General characteristics
- Length: 26+1⁄2 ft (8.1 m) (LOA)
- Beam: 7 ft 8 in (2.34 m)
- Depth: 4 ft (1.2 m)
- Sail plan: schooner rigged
- Armament: 4 cannon & 2 stern chasers

= Peggy of Castletown =

Historic ship in the Isle of Man

Peggy is an armed yacht built in June 1789 for George Quayle (1751–1835), MHK, a politician and banker on the Isle of Man. She is the oldest surviving Manx craft and is one of only a very few surviving vessels built in the 18th century.

For over one hundred years following Quayle's death, Peggy was interred within the boathouse he built for her, effectively forgotten. Interest in her grew during the 20th century, and after WWII she was given to the people of the Isle Man to be held in trust by Manx National Heritage. She remains preserved in the boathouse, now part of The Nautical Museum in Castletown, on the Isle of Man.

She is clinker-built and was schooner rigged with a bowsprit. A set of her spars is preserved with her, along with her armaments (six cannon and two stern chasers) and the winding gear employed to draw her into the boathouse. She is the oldest surviving schooner in the world and the oldest surviving example of the shallop hull form. She was fitted with sliding keels (progenitors of the modern daggerboard) not long after the invention of the technology by John Schank, and she is the oldest surviving example of such a vessel.

Well-known correspondence between George Quayle and his brother, in the Manx National Archive, describes an expedition in 1796 over sea and land to Windermere, Peggys victory in a regatta there, and her perilous journey home, aided by her sliding keels.
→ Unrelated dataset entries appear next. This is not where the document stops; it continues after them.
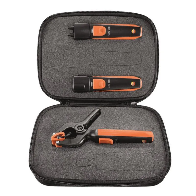 Комплект смарт-зондов для систем отопления, включающий термометр для труб (зажим) testo 115i, манометр дифференциального давления testo 510i и ИК-термометр testo 805i, идеален для специалистов по системам отопления для решения основных измерительных задач.
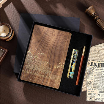 Gangtong Lüks Ahşap Desenli Defter ve Kalem Seti Hediye Kutusu Özel İş Günlüğü Yüksek Değerli Retro Çin Tarzı
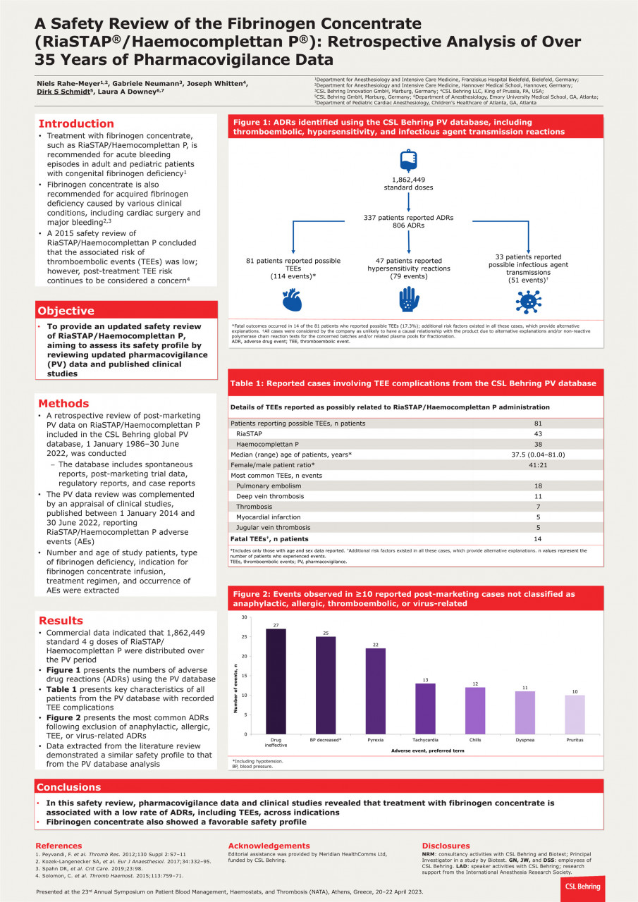 A safety review of the fibrinogen concentrate (RiaSTAP®/Haemocomplettan P®): Retrospective analysis of over 35 years of pharmacovigilance data (54)
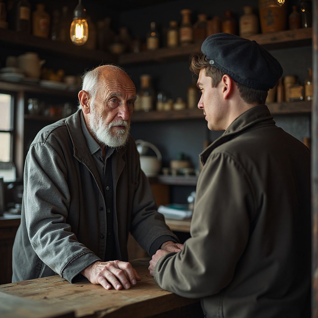 Вдруг тишина превратилась в дрожь, и старик медленно сел на стул у прилавка. Его руки всё так же дрожали, губы слегка подрагивали, а глаза блестели слезами, в которых смешались боль и решимость. «Вы хотите знать правду?» — его голос дрогнул, но выдержал.

Peggy has been surveyed three times, first by P.J. Oke in 1935 of the Society for Nautical Research (drawings now residing at the National Maritime Museum in Greenwich, London), then by Richard Cowley of Kirk Michael, Isle of Man, and most recently in 1968 by D. K. Jones at the behest of Manx National Heritage. Basil Greenhill, then Director of the National Maritime Museum, took a keen interest in her around this time. Peggy is now recognized as a vessel of international significance, which is reflected in her citation on the UK National Historic Ships Register (National Historic Fleet). Her well-documented provenance, her fine state of relative preservation, her historic location and her design all contribute to this.

== Conservation ==
Upon the death of Emily Quayle in 1935, Peggy and, in due course, George Quayle's boathouse, were bequeathed to the Manx nation. In 1950, with help from the Carnegie Trust, the Manx Museum and National Trust (as was) undertook minor restoration of the boat and boathouse and opened the site to visitors. Peggy had been resting on her starboard side against the damp ground for 150 years. Her keel, rudder and two of her lowest strakes were replaced (the original keel remains on display in the boathouse). She was then painted inside and out. Aside from at least one more repaint in the intervening years, no further work on Peggy has been done.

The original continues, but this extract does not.